Subject: Re: SOLD : $423.25
You make a convincing argument that most of the impact of interest rate hikes gets eaten up by taxes: the pre-tax real gain is interest minus inflation, but taxes are implied to interest, not just to the interest minus inflation difference.
However, in this case, operating profits (in the special, Berkshirean sense of the word) are post-tax, and have gone from $4.8b (2021) to $6.5b (2022) and now to $9.6b (2023; Item 7, page K-35), so I guess current rates are still better than older rates, inflation notwithstanding.

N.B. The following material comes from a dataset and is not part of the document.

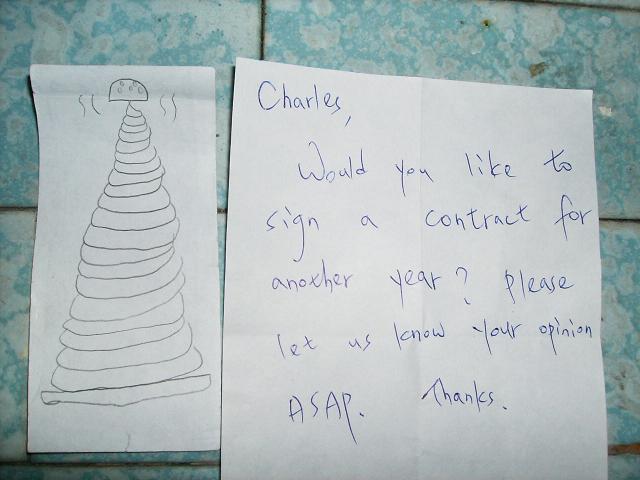 Here, we have two pieces of work-related memorabilia. On the right is a memo from my boss, asking me to re-contract! Hooray! I told her that I'm not re-contracting, but was still very flattered that she asked. Not getting fired is one thing — having the boss ask you to stay on for another year is another! On the left is a picture of a "crap hamburger," courtesy of my seven-year-old student, Queenie. I inadvertently taught her the word "crap." I was showing her a picture of crayons and asked "What are these?" and she replied in her little Queenie voice "They are crap." I said (in Chinese), "No, Queenie, that word means 'poop.'" Please note that I did not even repeat the word "crap" back to her. However, a few minutes later, I visited her desk again, and found a picture similar to this one drawn in pencil in her book. I asked "Queenie, what is this?" She said "It's a crap hamburger!" Wow, she sure picked that one up fast... She drew this picture for me later on on the back of a piece of in-classroom money...

I still think there is no improvement, other than during a fleeting period that monetary inflation fell before short term rates did. That's the exception, not the rule.
Higher interest income is good, but it has to be enough to offset higher losses on the purchasing power of the cash pile if inflation has risen.
Using simple CPI-U as a proxy for the loss of purchasing power, US currency lost value from end 2017 to end 2020 at a rate of about -1.76%/year. 3-month T-bill rates averaged 1.47% in that stretch, or 1.16% after tax in Berkshire's hands. Net, the cash pile was losing value at around -.6%/year.
Then interest rates rose. Yay! But...
From end 2020 to end 2023 US currency lost purchasing power at a rate of about -5.37%/year. 3-month T-bill rates averaged 2.46%, or 1.94% after tax in Berkshire's hands. Net, the cash pile was losing value at around -3.43%/year.
So, even though there was seemingly a much higher interest income on the cash and short term fixed income investments reported, it was actually a deterioration in the rate of value generation/loss.
Different date ranges will change the size of the problem, but the main point is that the after-tax interest income rate has to rise MORE than the rate of erosion of nominal purchasing power did for the increase in interest rates to have left us better off. Other than a recent transient blip, I don't believe that is the case.